Examples for image augmentation. Manual filler annotation in green. (a) Original image before augmentation. (b–d) Three examples for the same image with a mixture of random deformation, translation and occasional mirroring.

We applied six-fold cross validation and split the 45509 annotated 2D images into six subsets of 6714 to 8036 images. Six networks were trained on alternating five of the six subsets of the data, using the remaining sixth for validation. Great care was taken to put all images of the same mouse into the same subset, even when recorded at different time points, so that network performance would always be validated only with images from different mice than those used for training. The results are presented as the averages over the six trained models.

3. Results

We manually annotated 100 volumetric data sets for training and validation and applied six-fold cross-validation. The network was trained on 2D slices extracted from the OCT volume data sets in both fast and slow scan direction, excluding slices that showed no or only a very small filler area. Training was carried out for 62500 iterations with a batch size of eight, i.e. 500000 images were shown to the network during training. Because of the strong regularization introduced by image augmentation, we observed hardly any overfitting. Training a model from scratch took approximately six hours on an Nvidia Geforce GTX 1080 Ti graphics card. Prediction of the intradermal filler on a single cross-sectional image required approximately 15 ms, resulting in a total processing time of approximately 8 s for one three-dimensional data set.

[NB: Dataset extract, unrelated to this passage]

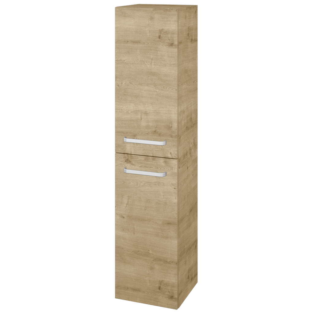 Potřebujete další úložný prostor, ale nemátek dostatek místa v koupelně? Doplňková skříň DOS SVD2K 35 je úzká, takže ušetříte cenné místo, ale současně je prostorná a díky zásuvkám a výklopnému koši na prádlo i velmi praktická. Parametry skříně Skříň DOS SVD2K 35 je konstruována jako závěsná ve dvoudveřovém provedení a s prostorem, rozděleným na horní část se 2 skleněnými a nastavitelnými policemi a na spodní část s výklopným košem na prádlo. Dveře mají kování značky Hettich s jemným a tichým dovíráním a můžete si zvolit, zda chcete levé či pravé otevírání. Dvířka se otevírají pomocí úchytky. Vybírat můžete ze sedmi typů:  T01 - matná oblá úchytka T02 - ocelová kulatá úchytka T03 - chromová hranatá úchytka T04 - chromová úchytka s lesklým povrchem T05 - chromová uchytka s lesklým povrchem T06 - černá mat T07 - černá mat Povrchové úpravy Skříň vyrábíme v celé řadě dekorů, dřevodekorů a laků v provedení lesk/mat. Samozřejmostí je také úprava v provedení Individual dle vzorníku RAL/NCS. Sladění s ostatními skříněmi ve vaší koupelně nebylo nikdy jednodušší.  Přednosti skříňky: Kování značky Hettich dodáváme s celoživotní zárukou. Ve spodní části je praktický a objemný prádelní koš. Tato koupelnová skříň je závěsná, lze k ní přikoupit kovové nožičky.
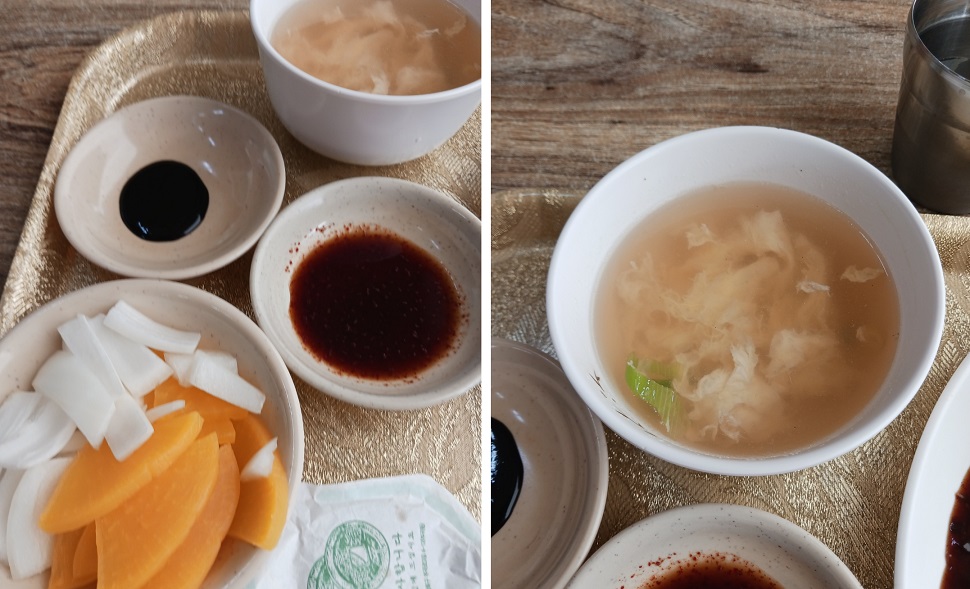 기본 구성 입니다, 계란국을 주는데 계란국주는 곳이 찐맛집이라 하지만 잘 모르겠습니다? 계란국은 그냥 소금물 + 후추 맛

We calculated six different measures from the segmentations predicted by the neural networks: The accuracy, which is widely used for assessment of segmentation tasks, describes the number of correctly predicted voxels. For our data set with a large share of background pixels, facilitating correct prediction of the majority of the pixels, accuracy will usually give numbers close to one, with only small differences between good and bad segmentations. Two alternatives that are more sensitive to the quality of the segmentation are the Dice coefficient (also known as F1 score) and the Jaccard similarity coefficient (also known as intersection over union). Both are independent of the size of the correctly predicted background. Furthermore, sensitivity, i.e. the proportion of correctly predicted structure voxels, and specificity, i.e. the proportion of correctly predicted background voxels, are given. Finally, since the main focus was on the quantification of the volume of the dermal filler, the ratio of predicted to manually annotated volume was calculated.

The results of this analysis are summarized in Table 1 for three different kinds of evaluations. Firstly, we evaluated the networks on the same kind of images as used for training, i.e. 2D slices with a filler size above the threshold of 5000 pixels. Secondly, we present results for full 3D data sets including filler sizes below 5000 pixels, with the network applied on the different slices without any post-processing. As application of the network on slices in fast and slow OCT scan direction produced very similar metrics, the values given here are the averages over all slices in both directions. Thirdly, we applied the same networks in both directions independently and averaged the two predicted probabilities, which further improved the segmentation quality.

Table 1.

Six-fold cross-validated results. Data is presented for 2D slices with fillers of a minimum size as used for training, 3D (one direction) full volumes with the network only applied in one direction and 3D (two directions) full volumes with the network applied in two directions independently and the averages over the predicted probabilities used in order to reduce false positives. The last column Human presents intra-operator variability between two human annotators. Numbers in brackets are the standard deviations calculated for 100 volumes (neural networks) or 10 volumes (human), respectively. TP number of true positives, TN number of true negatives, FP number of false positives, FN number of false negatives. Key results discussed in the text are highlighted in bold.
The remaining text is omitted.